Hi Sven,
Le 2021-01-05 à 19:19, - - a écrit :
Hello,
I encountered today some problems while trying to track a single branch with 'git submodule add' and 'git submodule update'. Please find my bug report below.
Any help would be very welcome! :)
Kind regards,
Sven Krummen
What did you do before the bug happened? (Steps to reproduce your issue)
I've got two repositories, 'project' and 'lib', and I want to add 'lib' into 'project' as a git submodule.
The 'lib' repository contains the 'master' branch, which is quite heavy-weighted (~900MB), and a 'light' branch (~10MB) with a mostly unrelated history to 'master'. The 'master' branch is the default branch.
Similar to using 'git clone -b light --single-branch path/to/lib' I want to track only the 'light' branch as a submodule to reduce traffic on our build server.
Thanks for a nice scenario description. Just a note on wording though (to make sure
we are on the same page): you can't have a submodule "track" a branch, at least
not in the sense that the submodule is always "checked out" on a branch, and the superproject
knows that the submodule should always be "on that branch"; that's not how submodules work.

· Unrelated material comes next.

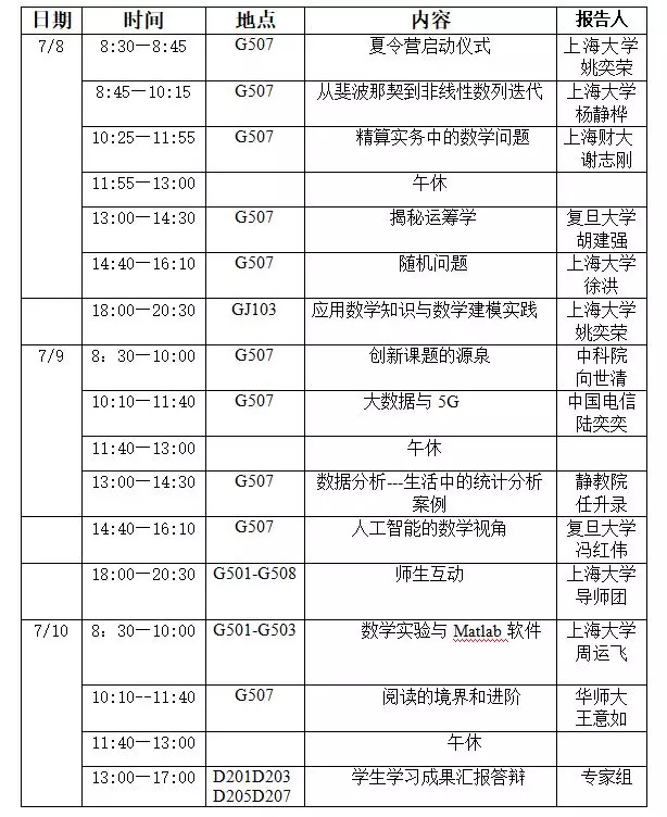 上海大学数学科学实践工作站建立了一支全部具有博士学位且各有特色、各有专长的课程讲师团和项目导师团及大学生和研究生志愿者队伍,还成立了由院士、数学家参与的专家委员会;以确保各项工作有序出色完成。并依托上海大学数学系的教育和科研资源、以数学与应用数学各领域的数学实验和自选研究课题为载体,面向青少年,用通俗浅显的语言,生动活泼的形式,运用信息网络技术,介绍当代数学在生活应用中的七彩话题,激发学生热爱数学的兴趣,培育和增强学生的创新能力和动手实践能力。使学生掌握数学基本概念和基本理论的同时,培养学生数学科学创新和实践的能力。 活动内容: 数学研究的快乐体验夏令营活动设计了拓展型特色课程和创新实践活动,通过报告讲座、讲解演示、动手实践等多种形式增强高中生应用数学解决实际问题的能力,如数据分析能力、数学建模能力、计算机编程能力、探索和发现问题的能力等,充分激发学生迈入科学研究和创新实践殿堂的兴趣。 夏令营日程安排: 地点:上大路99号

As specified in [1], the config `submodule.<name>.branch` is only ever used by
`git submodule update --remote`, i.e. the superproject itself only records at which *commit* the
submodule is at.
To add the submodule to 'project' I tried to run:
(a) 'git submodule add -b light path/to/lib'
(b) 'git submodule add -b light --single-branch path/to/lib'
But git was always fetching the whole 'master' branch of 'lib' before switching to 'light'.
That's not a bug (in my opinion) since it's in a line with the documentation [1].
There is no way at the moment for the initial `git submodule add` to pass
'--single-branch' and '--branch' to the underlying `git clone`.
After commiting & pushing everything to 'project''s remote, I started over with a fresh clone of 'project' to test whether 'git submodule update' would only fetch the 'light' branch (typical use-case for our build jobs):
(c) 'git clone path/to/project && cd project'
(d) 'git submodule update --init --remote --single-branch lib'
But again, git was fetching the whole 'master' branch of 'lib' before switching to 'light'. This behaviour seems to be independent of the used options of 'git submodule update'.
I can partly reproduce that behaviour. The following script creates "lib" with two branches,
master and light, that *do not* share any history.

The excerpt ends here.